Updated by Deepika Upadhyay over 2 years ago
@Loïc Dachary, sure, the PR addressing this issue was backported to pacific, spoke to Dan that octopus backport is not necessary. So I marked it as resolved after pacific and master merge.
Updated by Deepika Upadhyay over 2 years ago
- Status changed from Pending Backport to Need More Info
M B wrote:
Unfortunately this issue does not seem to be resolved, or at least not with Pacific 16.2.5. I installed a fresh new cluster
Updated by M B over 2 years ago
@Deepika finally I think this issue I mentioned last week regarding the prometheus deployment after a new cluster installation with Pacific is unrelated because I simply rebooted the node and finally prometheus got deployed. So it is an issue that it gets stuck on bootstrapping the node but it is not related to this specific issue. I have been reading on the ceph-users that some other users are having similar issues with services which should be deployed simply get stuck, probably and hopefully there is another track issue open for that. From my side all good.

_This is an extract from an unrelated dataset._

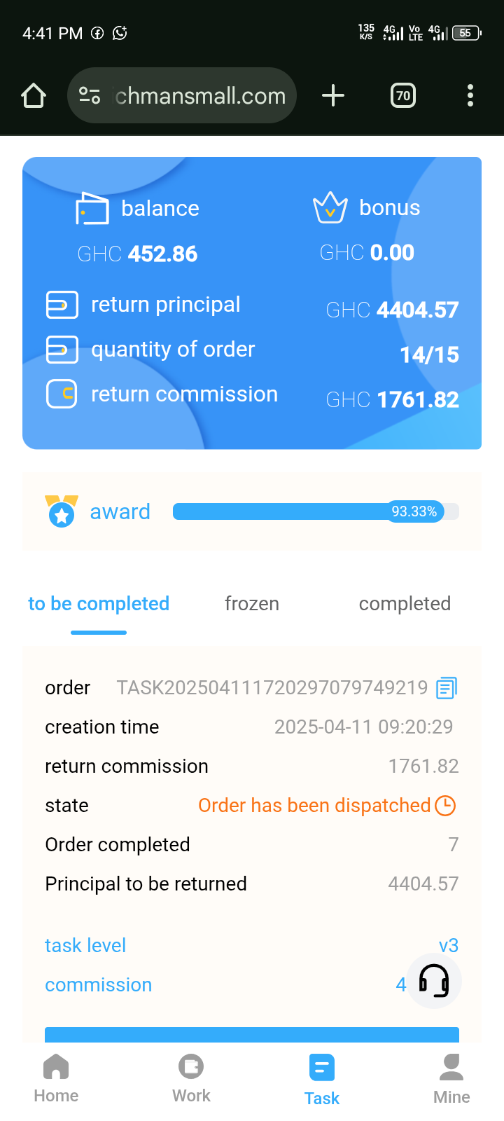 I joined Richmall with just 50 cedies that very day I completed the task and I withdraw all my money but the second day s I was investing up to now I have spent 4000 cedis there I cannot complete and withraw my task

Updated by Neha Ojha over 2 years ago
Deepika: why is this issue in need-more-info? Looks like the original fix and pacific backport https://github.com/ceph/ceph/pull/42211 have merged?
Updated by Dan Mick over 2 years ago
I assume because of MB's comment, but that seems now to be historical
Updated by Deepika Upadhyay over 2 years ago
- Status changed from Need More Info to Resolved
Dan Mick wrote:
Deepika, was that the reason why?
yep Dan, Neha marked needs info because of MB's comment, marking it as resolved since that's no longer valid, feel free to reopen if otherwise
Updated by Konstantin Shalygin almost 1 year ago
- Status changed from Resolved to Rejected
- % Done changed from 0 to 100